What to do
In the records below, find the line with "1、打开美团民宿App,点击底部导航栏中的我选项。", then retype it and every following line exactly, stopping after the line with "在北京市代表團審議休息時,柳傳志代表接受記者采訪。傅偉 攝". Leave the pictures out.

#### Given entries ####

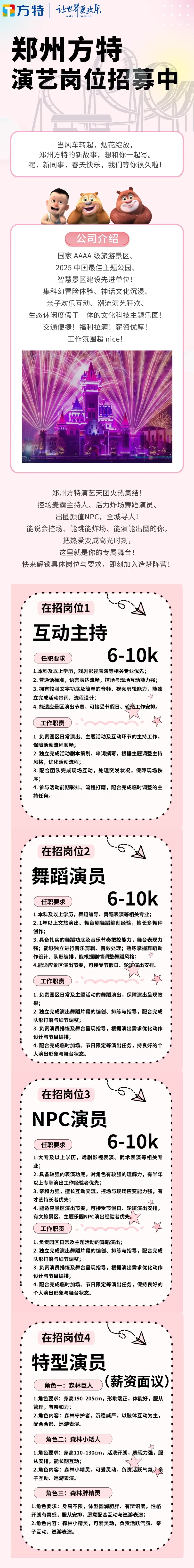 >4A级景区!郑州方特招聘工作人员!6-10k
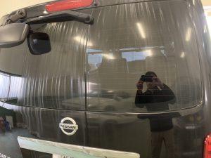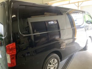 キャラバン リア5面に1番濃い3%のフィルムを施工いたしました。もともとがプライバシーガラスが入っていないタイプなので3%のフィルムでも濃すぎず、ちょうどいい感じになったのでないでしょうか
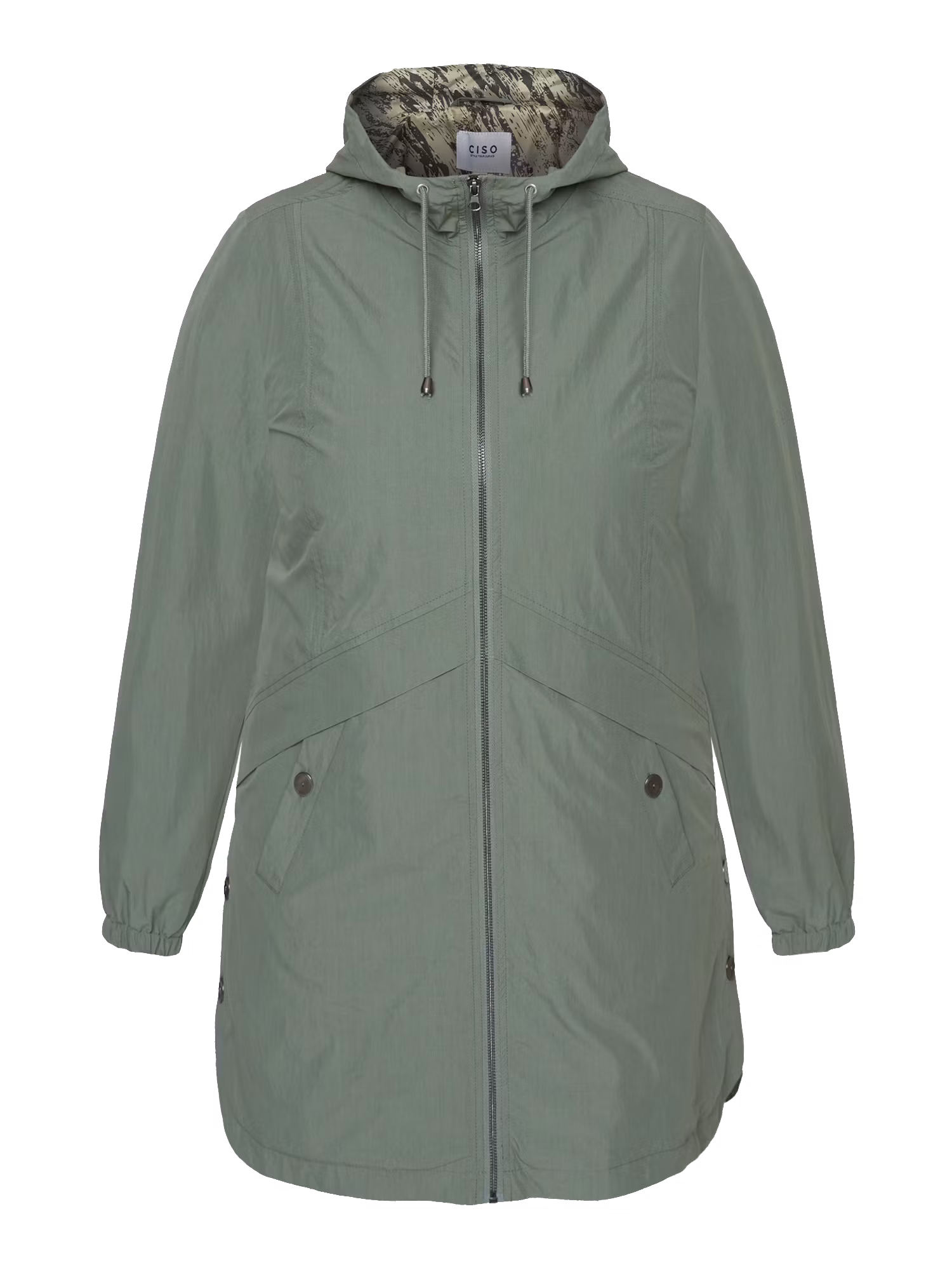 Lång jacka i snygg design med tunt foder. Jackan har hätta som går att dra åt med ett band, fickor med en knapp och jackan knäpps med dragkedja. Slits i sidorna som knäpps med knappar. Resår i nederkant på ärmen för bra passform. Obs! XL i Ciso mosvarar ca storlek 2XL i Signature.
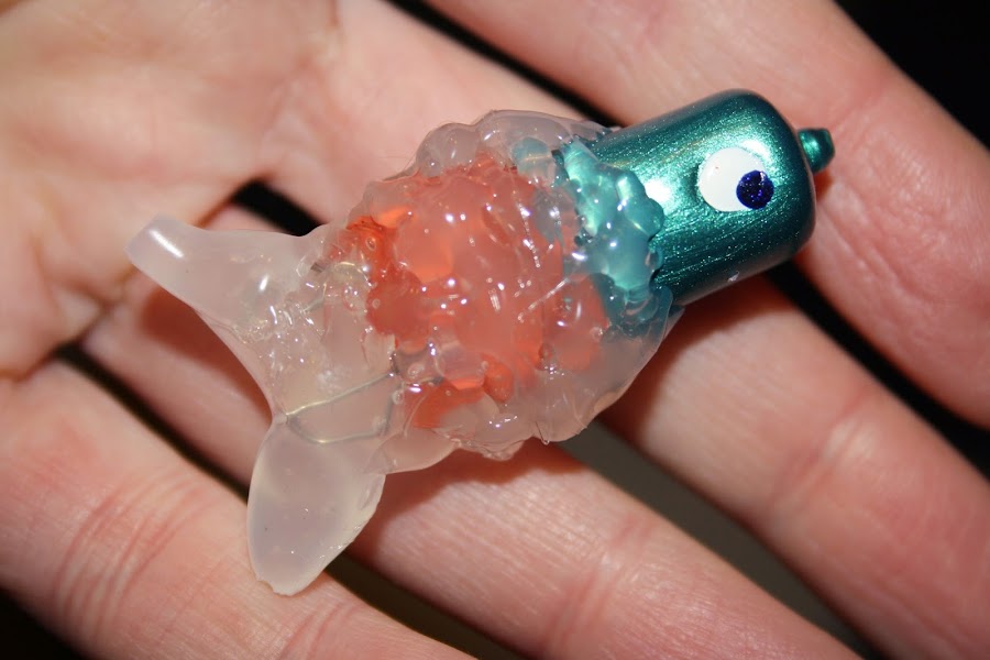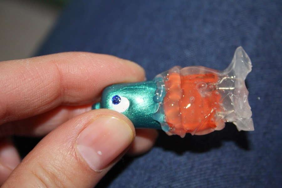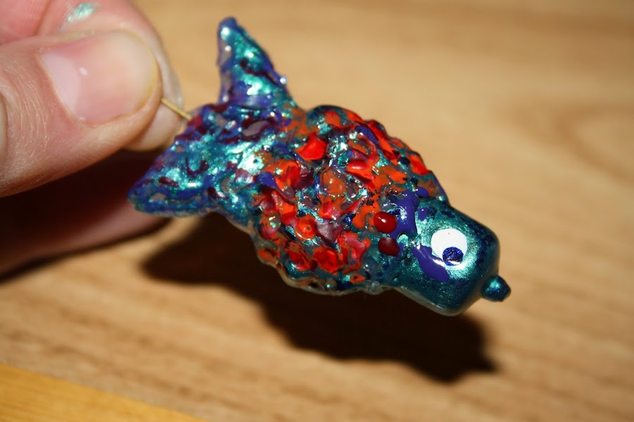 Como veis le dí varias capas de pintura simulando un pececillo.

####
#### Given entries ####

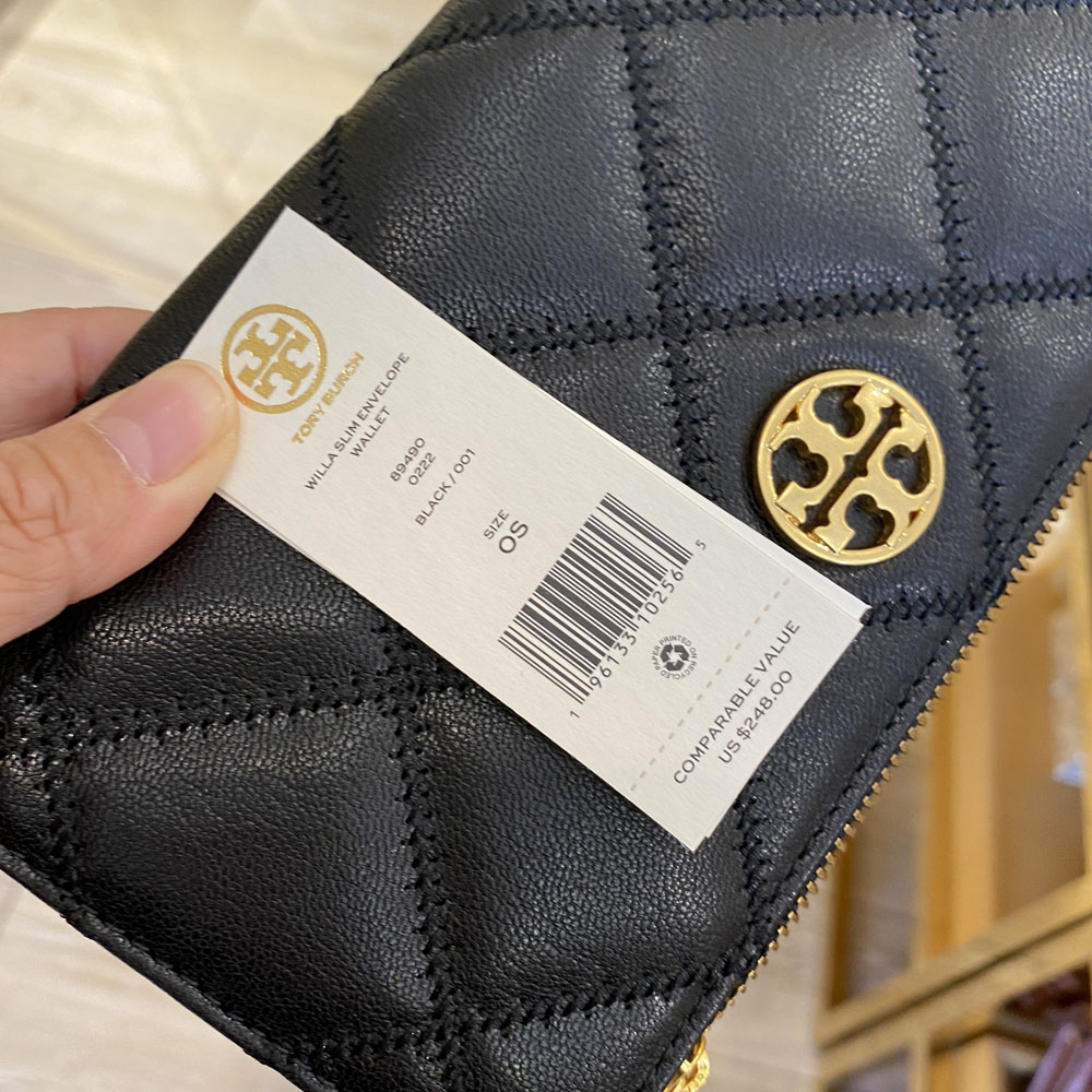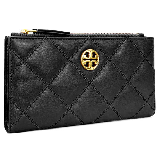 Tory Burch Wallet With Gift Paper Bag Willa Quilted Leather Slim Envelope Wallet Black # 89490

####
#### Given entries ####

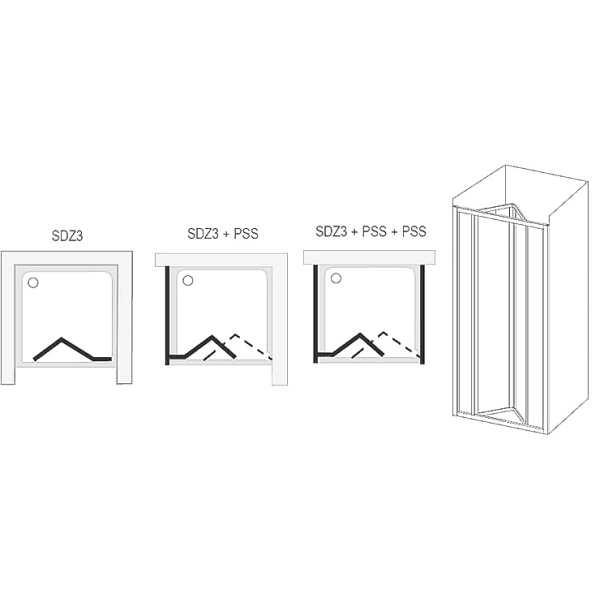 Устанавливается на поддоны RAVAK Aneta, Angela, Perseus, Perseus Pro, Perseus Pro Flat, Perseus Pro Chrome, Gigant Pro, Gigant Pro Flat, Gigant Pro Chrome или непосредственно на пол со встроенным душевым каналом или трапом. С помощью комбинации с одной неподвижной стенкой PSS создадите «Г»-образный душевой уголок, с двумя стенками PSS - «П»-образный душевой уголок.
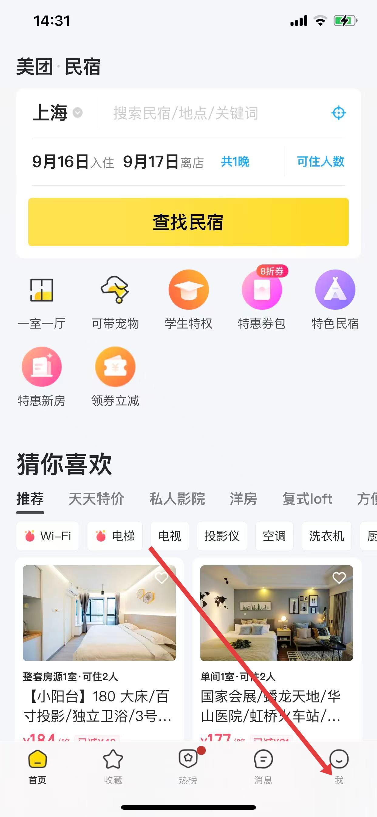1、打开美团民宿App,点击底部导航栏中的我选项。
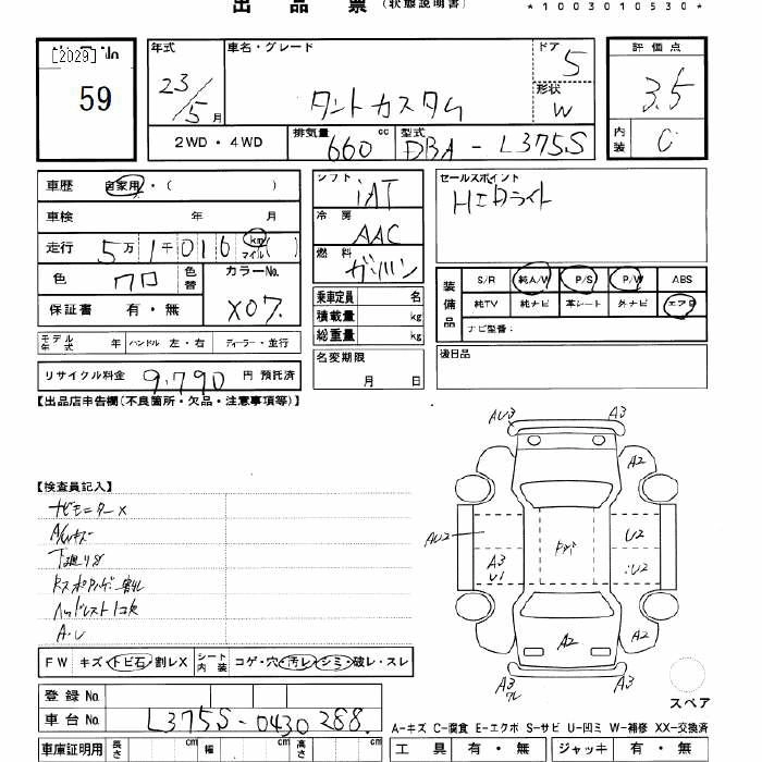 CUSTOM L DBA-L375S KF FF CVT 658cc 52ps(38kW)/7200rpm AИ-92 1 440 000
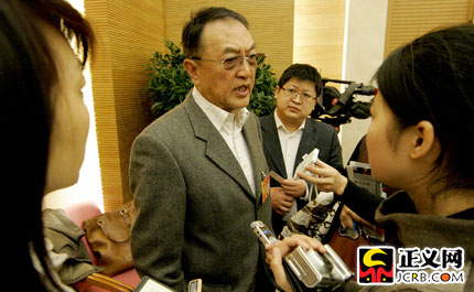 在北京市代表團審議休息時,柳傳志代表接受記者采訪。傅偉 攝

####

Problem solution
1、打开美团民宿App,点击底部导航栏中的我选项。
 CUSTOM L DBA-L375S KF FF CVT 658cc 52ps(38kW)/7200rpm AИ-92 1 440 000
 在北京市代表團審議休息時,柳傳志代表接受記者采訪。傅偉 攝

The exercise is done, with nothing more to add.